For intermodality agreement (IMA), cytopathologist A achieved higher CKS scores (0.94 and 1) than cytopathologist B (0.74 and 0.86) for both CLM versus VDM and CLM versus SZDS, respectively. For cytopathologist A, only one instance of disagreement occurred on a lymph node specimen for CLM versus VDM and no disagreement occurred for CLM versus SZDS. Cytopathologist B had three instances of disagreement (thyroid ×2 and lymph node ×1) on CLM versus VDM and two instances of disagreement (thyroid ×1 and lymph node ×1) on CLM versus SZDS.
Preliminary diagnostic evaluation
Preliminary diagnoses were categorized into five categories including unsatisfactory, benign, atypical, suspicious, and malignant. The CKS scores were calculated [Table 2] and [Table 3].
For IOA, CKS score for CLM was 0.67 with 13 disagreements including 2 head and neck specimens (2 malignant vs. atypical), 4 lymph node specimens (1 suspicious vs. malignant and 3 unsatisfactory vs. benign), 2 pancreas specimens (1 malignant vs. suspicious and 1 unsatisfactory vs. benign), 2 salivary gland specimens (2 atypical vs. benign), and 3 thyroid specimens (2 suspicious vs. benign and 1 atypical vs. benign). Two disagreements (2/13) had two or more degrees of discordance. The CKS score for VDM was 0.47 with 22 disagreements including 4 head and neck specimens (1 malignant vs. benign, 2 malignant vs. atypical, and 1 atypical vs. benign), 1 lung specimen (malignant vs. suspicious), 7 lymph node specimens (2 malignant vs. benign, 2 suspicious vs. malignant, 1 atypical vs. unsatisfactory, and 2 benign vs. unsatisfactory), 4 pancreas specimens (1 suspicious vs. benign, 1 malignant vs. atypical, 1 malignant vs. suspicious, and 1 benign vs. unsatisfactory), 2 salivary gland specimens (1 suspicious vs. benign and 1 malignant vs. suspicious), and 4 thyroid specimens (1 suspicious vs. benign, 2 benign vs. unsatisfactory, and 1 atypical vs. benign). Nine disagreements (9/22) had two or more degrees of discordance. The CKS score for SZDS was 0.70 with 12 disagreements including 3 head and neck specimens (1 malignant vs. atypical, 1 malignant vs. suspicious, and 1 suspicious vs. atypical), 2 lymph node specimens (both benign vs. unsatisfactory), 2 pancreas specimens (1 suspicious vs. unsatisfactory and 1 malignant vs. suspicious), 1 salivary gland specimen (suspicious vs. benign), and 4 thyroid specimens (2 suspicious vs. benign, 1 suspicious vs. atypical, and 1 benign vs. unsatisfactory). Five disagreements (5/12) had two or more degrees of discordance.

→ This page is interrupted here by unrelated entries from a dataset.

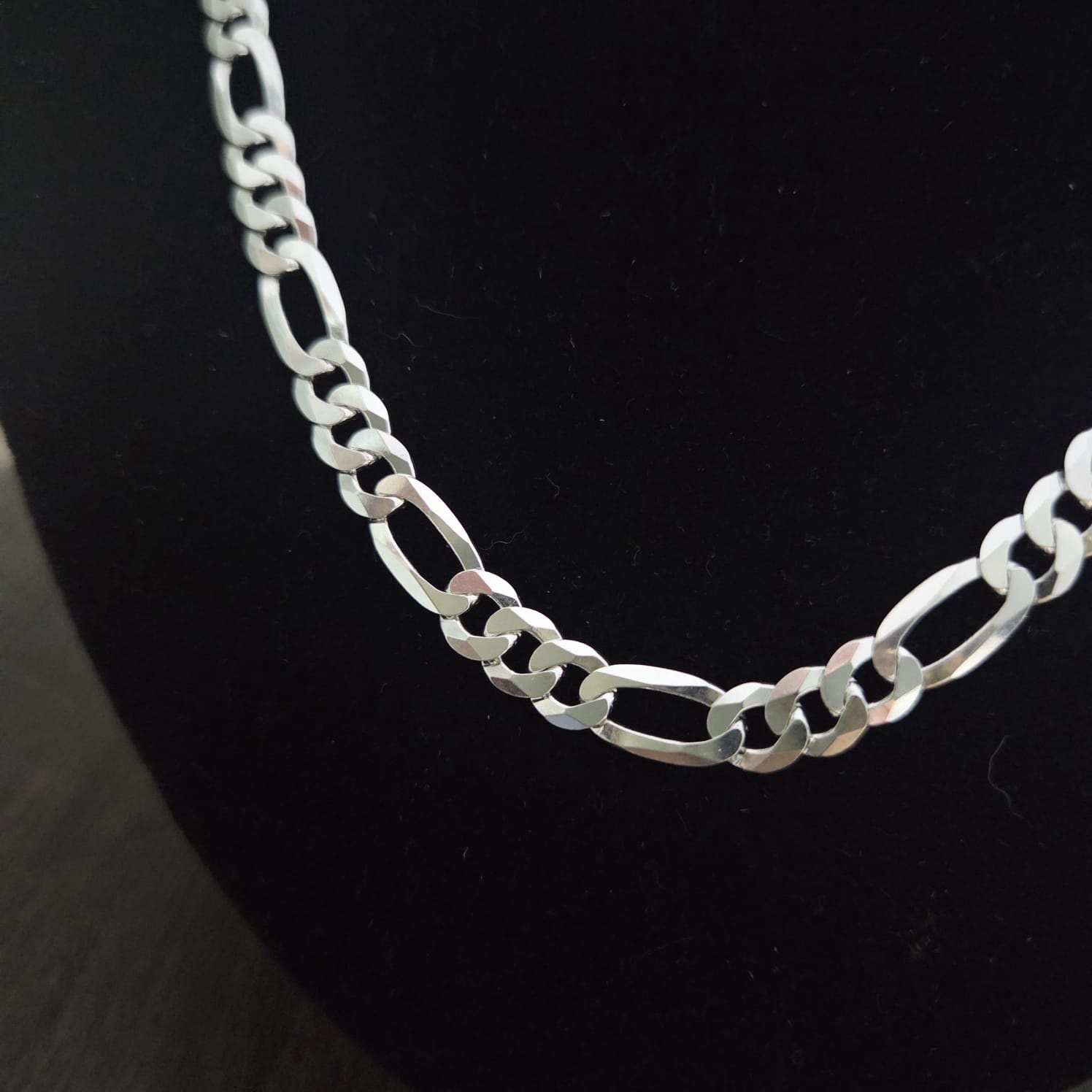 Sterling-Silver 925 Figaro chain mens three link chain necklace
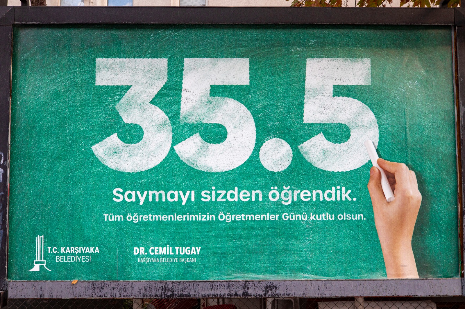 Belediye, kent içinde yer alan reklam panolarını “35.5… Saymayı sizden öğrendik” sloganıyla donatarak kutlamalara Karşıyaka ruhunu da yansıttı.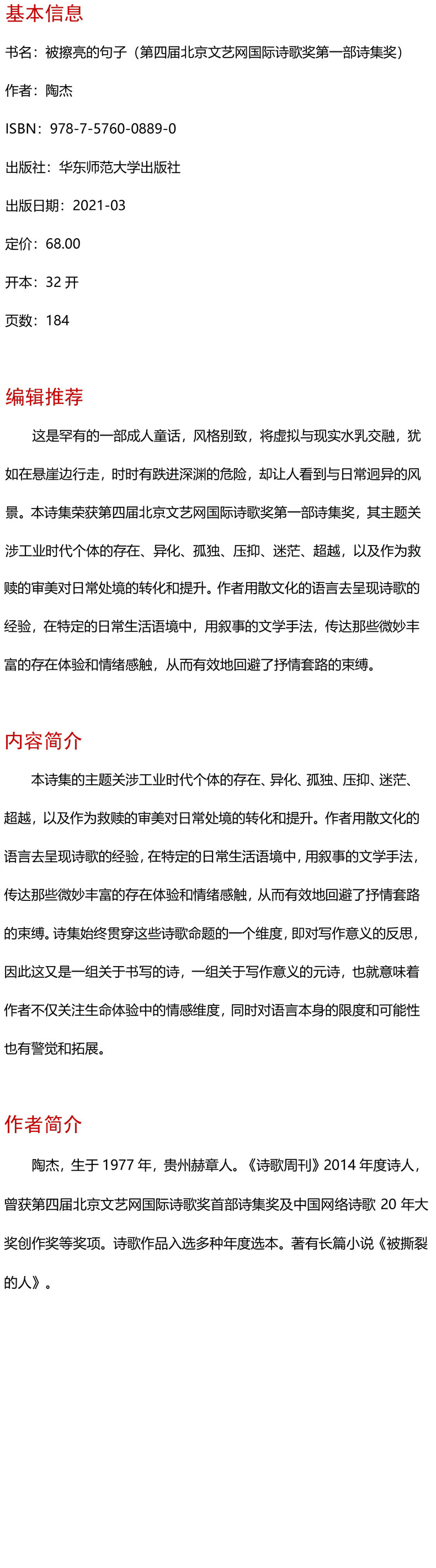 被擦亮的句子 第四届北京文艺网国际诗歌奖第一部诗集奖 陶杰诗集 中国现当代诗歌

For intermodal agreement, CKS scores ranged from 0.7 to 0.93. Cytopathologist A had 6 instances (CKS score 0.85) of disagreements for CLM versus VDM including 1 lung specimen (malignant vs. suspicious), 4 lymph node specimens (1 malignant vs. benign, 2 malignant vs. suspicious, and 1 benign vs. unsatisfactory), and 1 pancreas specimen (malignant vs. suspicious). One disagreement had two degrees of discordance. There were 3 instances (CKS score 0.93) of disagreements for CLM versus SZDS including 1 head and neck specimen (malignant vs. suspicious), 1 pancreas case (malignant vs. suspicious), and 1 thyroid specimen (suspicious vs. benign). One disagreement (1/3) had two degrees of discordance. For cytopathologist B, there were 12 instances (CKS score 0.70) of disagreements for CLM versus VDM including 2 head and neck specimens (1 malignant vs. benign and 1 atypical vs. benign), 2 lymph node specimens (1 suspicious vs. benign and 1 atypical vs. unsatisfactory), 2 pancreas specimens (1 malignant vs. benign and 1 malignant vs. atypical), 3 salivary gland specimens (1 malignant vs. suspicious, 1 suspicious vs. atypical, and 1 atypical vs. benign), and 3 thyroid specimens (1 suspicious vs. benign and 2 benign vs. unsatisfactory). Six disagreements (6/12) had two or greater degrees of discordance. There were 10 disagreements (CKS score 0.75) for CLM versus SZDS including 1 head and neck specimen (malignant vs. suspicious), 2 lymph node specimens (1 malignant vs. suspicious and 1 benign vs. unsatisfactory), 2 pancreas specimens (1 suspicious vs. benign and 1 malignant vs. suspicious), 2 salivary gland specimens (1 suspicious vs. atypical and 1 atypical vs. benign), and 3 thyroid specimens (2 suspicious vs. atypical and 1 benign vs. unsatisfactory). Only 1 disagreement (1/10) had two degrees of discordance.
Turnaround time analysis
The average time spent per slide was 270 s for VDM (range: 60–1200 s), 113 s for CLM (range: 60–600 s), and 122 s for SZDS (range: 60–300 s). Statistical analysis demonstrated significant statistical difference (P < 0.05) between the turnaround time from VDM and the time from CLM or SZDS.
| Conclusions|| |
The gold standard for FNA-ROSE involves direct assessment of the cytologic preparation on glass slides by cytopathologists using a microscope. However, due to the increased utilization and dispersion of clinical services, many cytology departments face the pressure of meeting the demand for multiple concurrent FNA-ROSEs at different locations. While solutions such as NetCam or its variant of “webcam-” based system are easy to implement and maintain, in practice, they are unsatisfactory due to the inability to “drive” the slide and poor image quality. Based on our experience, most cytopathologists will only depend on the NetCam solution for procedures such as thyroid AA where a PD is not absolutely essential. In most instances, on-site assessment using a traditional microscope is preferred to render a reliable PD.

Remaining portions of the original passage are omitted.